Problem: Return the lines of the data below starting at the one holding "Marks Obtained |" and ending at the one holding "天皇陛下は2004年、国王夫", word for word, leaving every picture out.
Source records Block Start
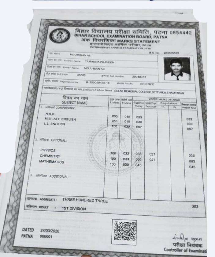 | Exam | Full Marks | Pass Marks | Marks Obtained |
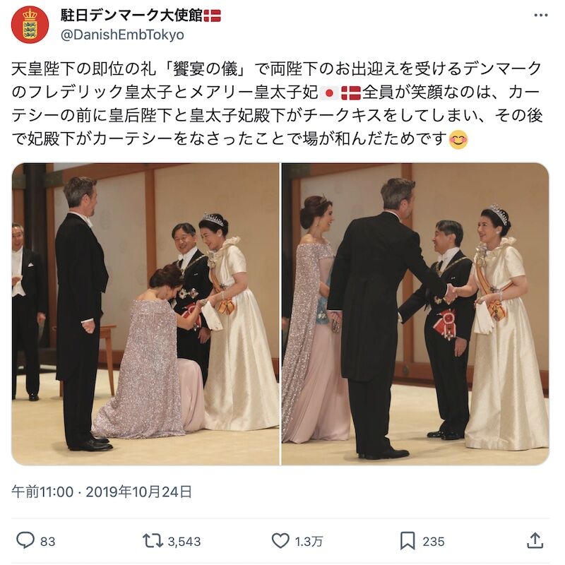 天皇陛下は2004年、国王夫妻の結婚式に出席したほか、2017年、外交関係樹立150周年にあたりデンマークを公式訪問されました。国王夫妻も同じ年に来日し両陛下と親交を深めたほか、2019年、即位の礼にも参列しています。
Source records Block End
Source records Block Start
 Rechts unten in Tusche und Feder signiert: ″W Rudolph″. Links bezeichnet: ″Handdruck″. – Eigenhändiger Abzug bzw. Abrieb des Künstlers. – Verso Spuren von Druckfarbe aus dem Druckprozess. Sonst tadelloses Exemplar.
Source records Block End
Answer to this task:
 | Exam | Full Marks | Pass Marks | Marks Obtained |
 天皇陛下は2004年、国王夫妻の結婚式に出席したほか、2017年、外交関係樹立150周年にあたりデンマークを公式訪問されました。国王夫妻も同じ年に来日し両陛下と親交を深めたほか、2019年、即位の礼にも参列しています。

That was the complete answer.